Business investment climbed 12 per cent in the September quarter and 31 per cent over the year to September - the fastest growth on record. Mining investment surged 22 per cent in the quarter and 60 per cent over the year. Manufactuing investment jumped 10 per cent in the quarter and around 30 pc over the year.
“This is are a resounding vote of confidence in the future of our economy,” said Treasurer Wayne Swan. “They underscore our fundamental strengths and help demonstrate why we are better placed than just about anyone in the face of the current global instability.”
The Bureau of Statistics figures follow Bureau of Resources and Energy Economics calculations putting committed resource investments at a record $232 billion.
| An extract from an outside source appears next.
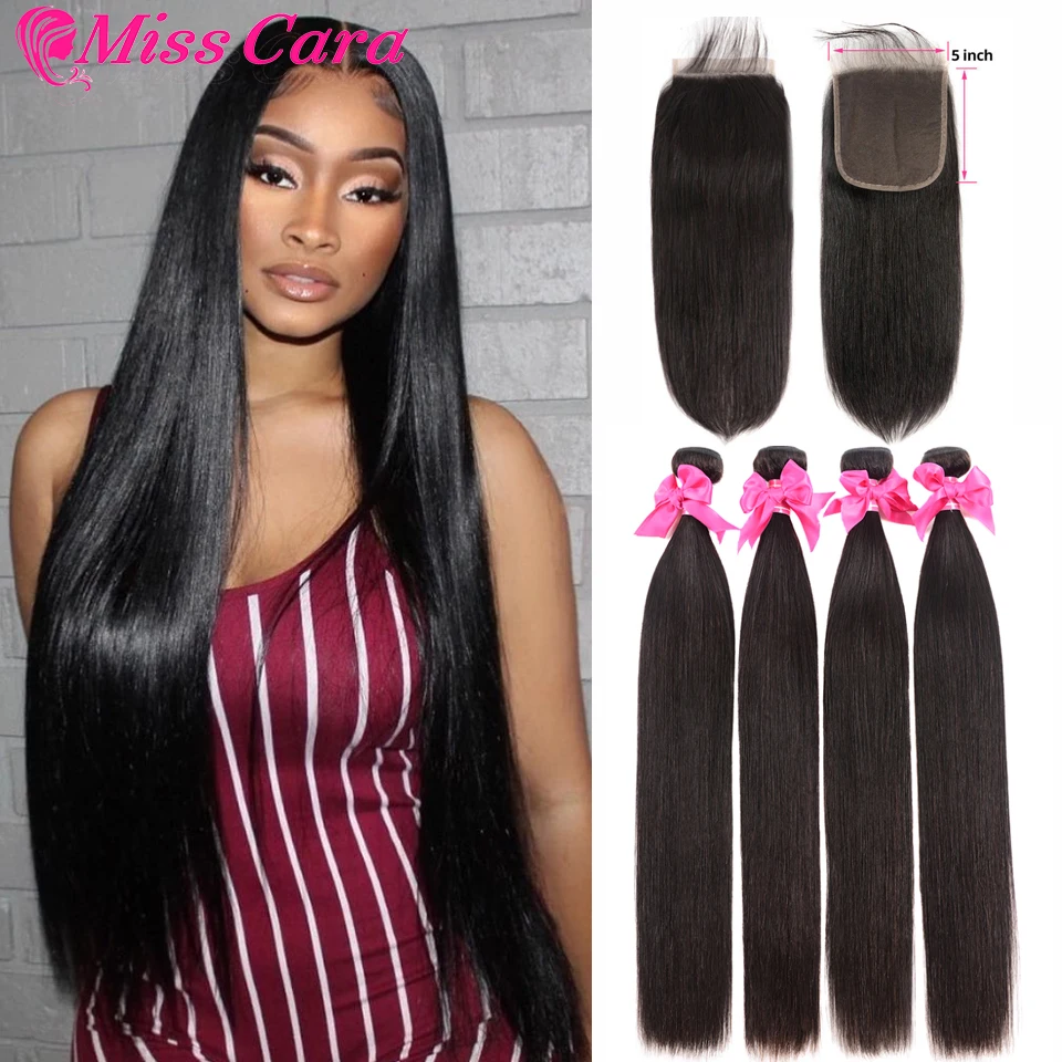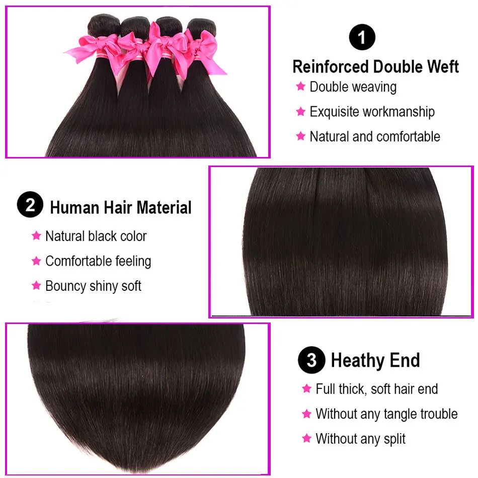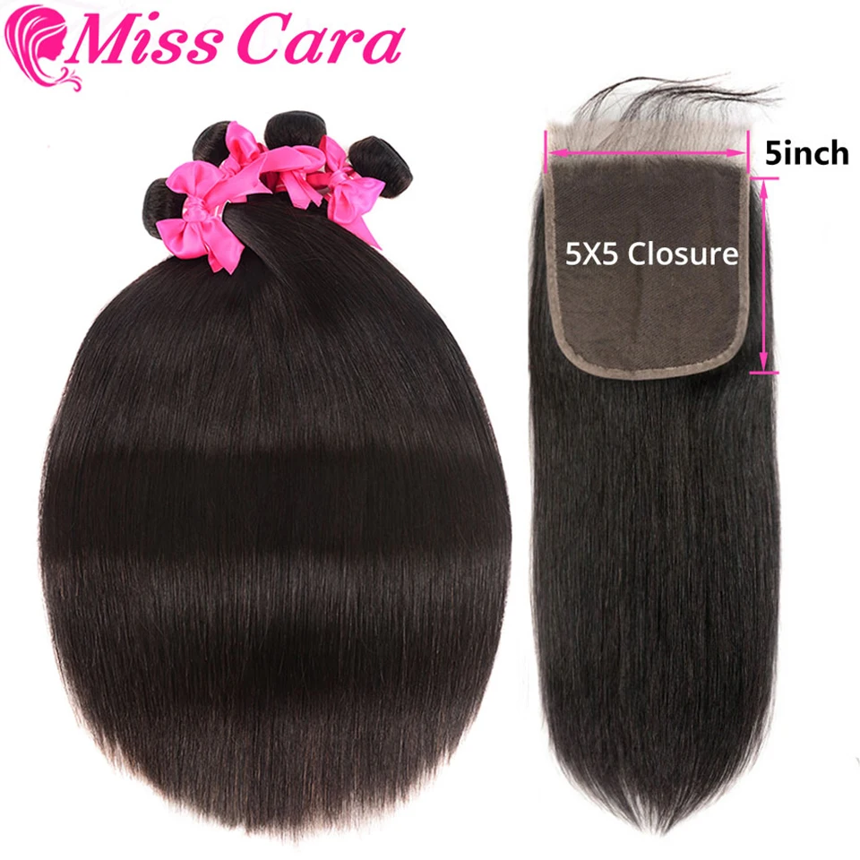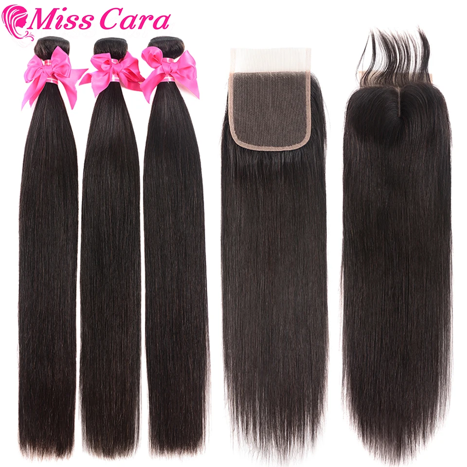 3. Текстура волос: Misscara Malaysia прямые волосы 3/4 пряди с закрытием 100% Remy накладные человеческие волосы с 4*4 шнуровкой двойной уток

A further $224 billion in investment is planned but not yet committed.
“Of course we can expect to see some lumpiness in investment as we go forward due to the massive scale of individual projects,” the Treasurer said. “But there is no doubt the mining industry has a very bright future and is continuing to power ahead.”
Minerals Council chief Mitch Hooke as sounded a more bitter note in an email to full and associate members...
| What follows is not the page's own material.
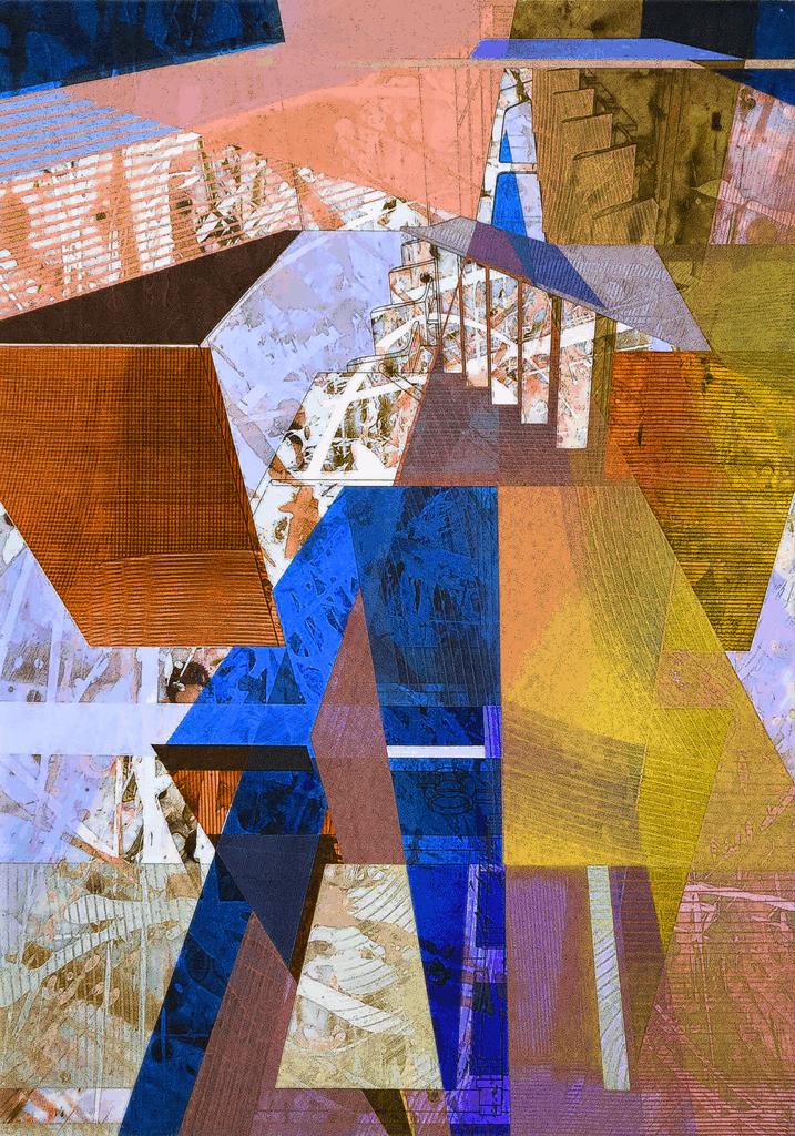 signal / an abstract composition built from layered, fractured forms and shifting tonal fields. within the dark density of the image, flashes of white and sudden accents of yellow ochre break through — leaving the viewer to question whether they function as beacons or as warnings / hand-painted digital brushwork on stainless steel, sealed beneath acrylic glass / 84×120cm (33×47in) also available in 120×170cm (47×67in)

“The increasingly regressive shift in Australia's socioeconomic policy agenda is quite rightly starting to get significant public media air play,” he writes in the memo dated Friday November 25.
Of concern is the “greater emphasis on the reallocation and redistribution of wealth [rather] than building the productive capacity of the economy - carving up the pie, than growing it”.
The email bemoans “the convenience of demonising the resources sector as the political scapegoat for the inevitable pressures of Australia's economic structural adjustment, and as the substance to the politics of envy and class warfare”.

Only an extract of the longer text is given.